Zaczynajmy zatem dni bez oczekiwań. Wychodźmy z łóżka czujni i uważni, ale także nieuprzedzeni i bez nastawienia na to czy na owo. Pozwólmy dniu by sam się rozwinął, dajmy mu szansę na akt samonarodzin. Dajmy życiu żyć. Dajmy innym żyć. I nade wszystko podarujmy życie sobie. Niech się dla nas rozwija, niech dzieje się na naszych oczach, niech nas zaskoczy, zachwyci, odurzy. Wyzbądźmy się mózgodramatów, przewietrzmy umysły, wyrzućmy wszystko co nas ogranicza. A potem wchodźmy w życiowe sytuacje otwarci jak księga, gotowi na doświadczenie, na naukę, na rozwój. Niech samo życie kreuje dla nas los, bo nikt lepiej jak ono tego nie potrafi.
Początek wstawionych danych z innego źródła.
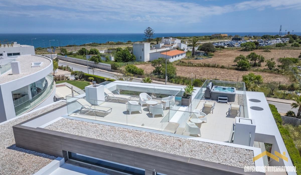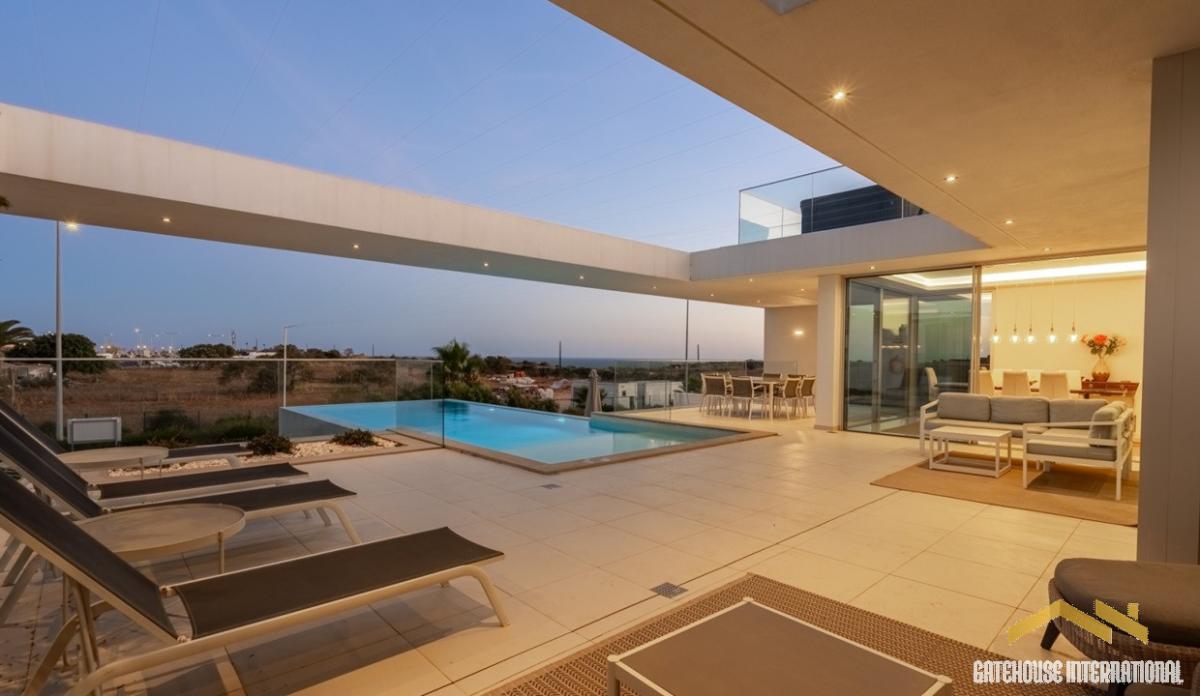 Sea View Contemporary Villa in Lagos West Algarve - A luxurious detached villa set on a 1175m2 plot located within walking distance from several beaches and the historic town centre. This modern property consists of the first floor with a spacious, double-height open-plan living room with a fitted kitchen and a dining area, a cloakroom, 2 bedrooms and 2 bathrooms (all ensuite) and the lower floor offering a large garage, a flexible room with a private shower room (ideal as a guest bedroom), a laundry area and a technical room. Outside, there is a raised, heated infinity swimming pool, a roof terrace ideal for sunbathing or enjoying the sunset from the Jacuzzi hot tub, as well as other terraces, BBQ and Al fresco dining areas, a covered parking area for 3 cars and gardens. in brief: - living and dining rooms - fitted kitchen - cloakroom - 2 bedrooms - 2 bathrooms - a guest bedroom with a private shower room - garage and carport - laundry room - infinity heated swimming pool - roof terrace with a Jacuzzi - terraces - BBQ and Al fresco dining areas - gardens Lagos is one of the most sought-after cities in the Algarve, not only for its golden sandy beaches and crystalline waters but also for the scenic beauty of its bay and its architectural legacy. Start your walk on Avenida dos Descobrimentos, the beautiful waterfront along the mouth of the Ribeira de Bensafrim, which will take you to some of the points of interest in Lagos that are well worth a visit. There is also the Marina, where you can take a ferry/boat and see Ponta da Piedade, which is one of the most beautiful coastal landscapes in the Algarve. A set of wonderful cliffs, caves and arches, rocks that seem to have been carved by hand and small coves and beaches, bordered by a sea of turquoise and emerald tones. Lagos is close to all amenities, public transport, shops, schools, etc. and is situated within a 1-hour drive from Faro international Airport.

Niech nam pokaże, którą drogą mamy iść i które wrota mamy pchnąć by znaleźć odpowiedzi. Życie jest bowiem najlepszym rzeźbiarzem, a człowiek inspirującym je kamieniem. I jeśli w upartym przeświadczeniu, że wiemy lepiej, nie pozwolimy życiu tchnąć w nas Życie, to jako ten kamien będziemy tkwić.


[1] Wiesław Myśliwski „Traktat o łuskaniu fasoli”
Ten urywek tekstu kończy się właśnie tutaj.